We have $$Y_n=E[Y|\mathcal{F}_n]=E[h(X)|X_n]=2^n\int_{X_n}^{X_n+\frac{1}{2^n}}h(x)dx$$ so
$$\forall x \in [0;1],f(x)=f(0)+\int_0^xh(y)dy$$
If the function $f$ was from $[0;1]^d$ to $\mathbb{R}$, how should we define $X_n$ and $Y_n$? We should take $X$ uniformly distributed on $[0,1]^d$?
Best Answer
A function $f:\mathbb{R}^d\rightarrow \mathbb{R}$ is differentiable at the point $X$ iff there exists a function $\displaystyle J:\mathbb{R}^d\rightarrow \mathbb{R}$ such that $\lim_{h\rightarrow 0}\frac{f(X+h)-f(X)-J(h)}{||h||}=0$.

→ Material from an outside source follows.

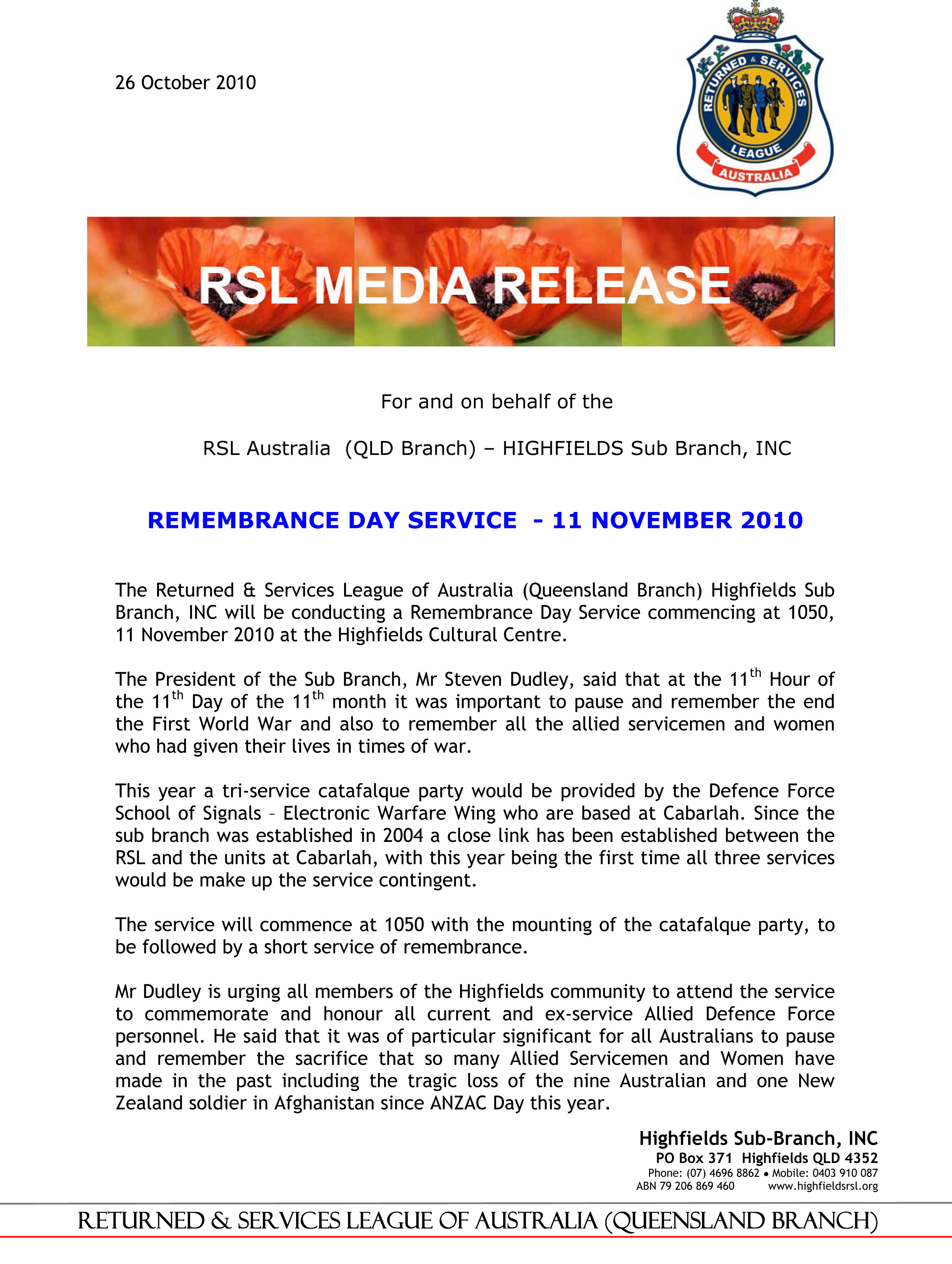Anyone wishing further information can contact the sub branch secretary, Al Taylor, on 4696 9835.

This is what I guess might happen in the $d=2$ case:
Given $X=(x,y)\in [0,1]^2$, define $X_{n}=(x_n,y_n)=2^{2n}(\lfloor2^{-n}x\rfloor,\lfloor 2^{-n}y\rfloor)$.

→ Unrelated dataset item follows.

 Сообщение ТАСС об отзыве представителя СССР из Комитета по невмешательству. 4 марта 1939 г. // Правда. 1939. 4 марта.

We want to find a function $J=(J_1,J_2)$ such that, at almost all points $X=(x,y)$, $J=(\frac{\partial f}{\partial x},\frac{\partial f}{\partial y})$.
Define $\displaystyle Y_{1,n}=2^{2n}\int_{y_n}^{y_n+2^{-n}} \left(f(x_n+2^{-n},s)-f(x_n,s) \right)\mathrm{d}s$ and $\displaystyle Y_{2,n}=2^{2n}\int_{x_n}^{x_n+2^{-n}}\left( f(t,y_n+2^{-n})-f(t,y_n)\right)\mathrm{d}t$.

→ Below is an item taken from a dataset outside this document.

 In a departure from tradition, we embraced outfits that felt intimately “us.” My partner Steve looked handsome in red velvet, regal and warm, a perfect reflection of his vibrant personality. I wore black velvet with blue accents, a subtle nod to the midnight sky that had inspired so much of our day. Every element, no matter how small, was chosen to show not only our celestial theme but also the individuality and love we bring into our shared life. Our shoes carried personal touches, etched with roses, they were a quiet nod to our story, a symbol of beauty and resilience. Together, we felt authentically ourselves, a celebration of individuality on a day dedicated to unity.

The main motivation for this definition of $Y_{1,n}$ is the fact that, if $f$ could be assumed to be differentiable, then we would have $ \displaystyle 2^{2n}\int_{x_n}^{x_n+2^{-n}}\int_{y_n}^{y_n+2^{-n}}\frac{\partial f}{\partial x} \mathrm{d}s\mathrm{d}t=2^{2n}\int_{y_n}^{y_n+2^{-n}}\left(f(x_n+2^{-n})-f(x_n)\right)\mathrm{d}t$
As before, $(Y_{1,n},Y_{2,n})$ converges to a vector $Y=(Y_1,Y_2)$ and there exists a bounded measurable $J$ such that $Y=J(X)$ a.s.
We have
$\displaystyle Y_{1,n}(X)=\mathbb{E}(Y_1|X_{n})=2^{2n}\int_{x_n}^{x_n+2^{-n}}\int_{y_n}^{y_n+2^{-n}} J_1(s,t)\mathrm{d}s \mathrm{d}t$ $\displaystyle Y_{2,n}(X)=\mathbb{E}(Y_2|X_{n})=2^{2n}\int_{x_n}^{x_n+2^{-n}}\int_{y_n}^{y_n+2^{-n}} J_2(s,t) \mathrm{d}s \mathrm{d}t$
If $L$ is a smooth curve going from $0$ to $X$, then $\displaystyle f(X)=f(0)+\int_L J\cdot\mathrm{d}L$.